Recruitment, promotion and retirement
Whenever a new partner joins, an employee is promoted to partner or an individual retires from the LLP, their individual position will need to be assessed, along with the impact on the wider LLP. This should in theory be a relatively straightforward exercise for isolated incidents, but it becomes more complicated in a merger scenario or where there is a wider succession planning arrangement.
Determining who has significant influence as the LLP grows is often critical, as founders are often not inclined to share power with relative newcomers and corporate investors may seek to ringfence control.

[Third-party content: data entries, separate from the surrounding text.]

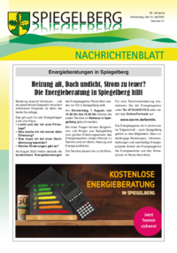 58. Jahrgang Donnerstag, den 31. Juli 2025 Nummer 31 NACHRICHTENBLATT Energieberatungen in Spiegelberg Heizung alt, Dach undicht, Strom zu teuer? Die Energieberatung in Spiegelberg hilft Beratung…
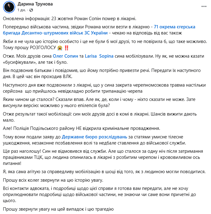 “Отже. Сина моїх друзів Олега та Лариси Сопіних мобілізували. Ну як, не можна казати «бусифікували», але так і було. Він подзвонив батькам і повідомив, що йому потрібно привезти речі. Передати їх наступного дня. В цей час він проходив ВЛК. Наступного дня вже подзвонили з лікарні, що у сина закрита черепно-мозкова травма настільки серйозна, що прийшлось невідкладно робити трепанацію черепа. Яким чином це сталося? Сказали впав. Але як, де, коли і чому - ніхто сказати не може. Зате висунули версію: можливо у нього епілепсія була”, – розповіла ведуча.
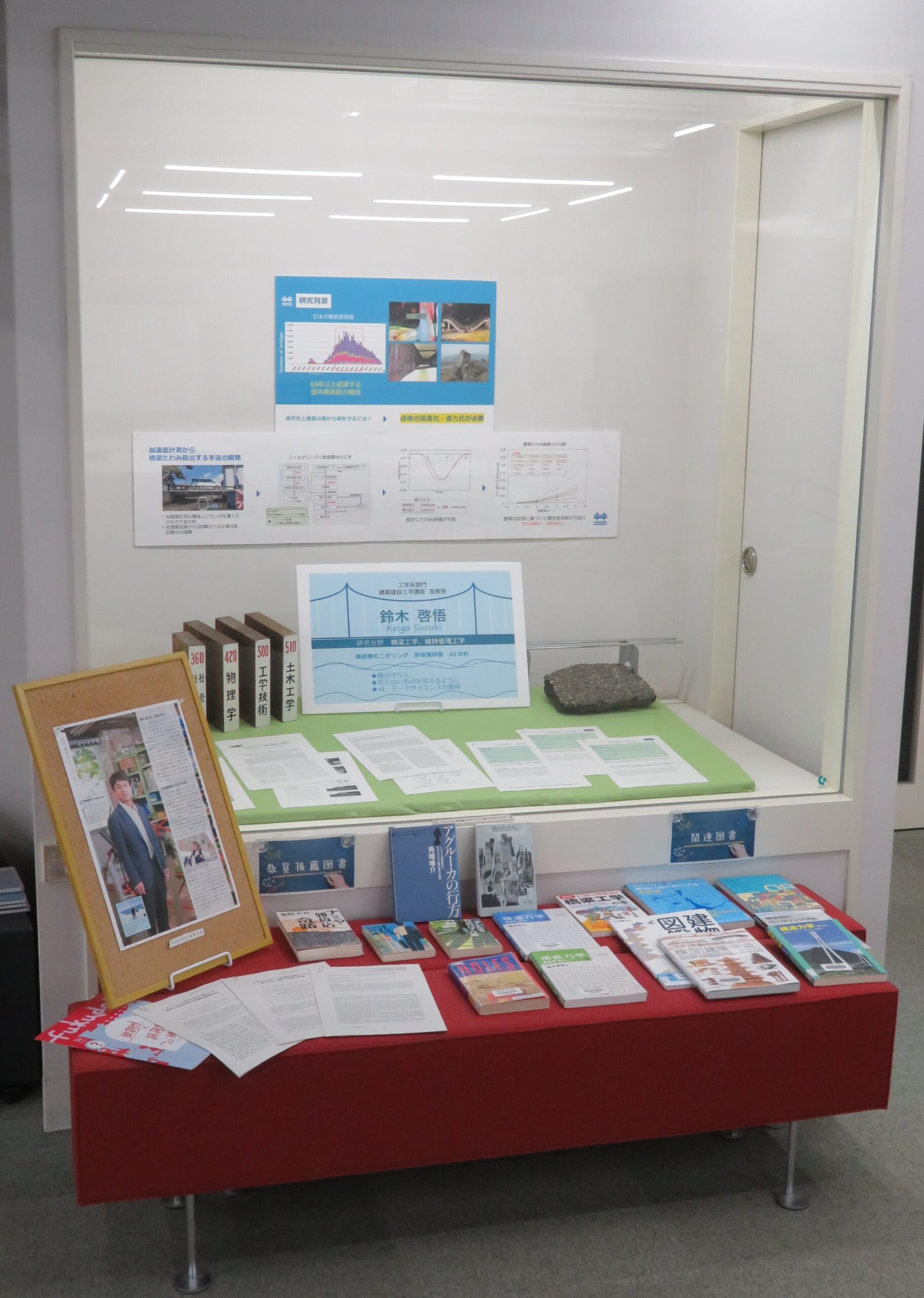 研究テーマの論文、研究に関する図書館所蔵の図書を展示しています。

New teams, products and business lines
Material changes in the way an LLP generates profits could lead to a change in remuneration sharing arrangements that will require reassessment under the salaried member rules. Competing profit centres in the same partnership make sharing partnership profits as a whole difficult. Tax considerations need to be factored into the equation while the commercials are still being negotiated to ensure that there are no unwanted surprises.
Where change is gradual over a number of years, it is important to fact check the reality against the past position and historic assumptions. A fairly well balanced business can quickly become skewed where the performance of one part of a business outstrips the rest.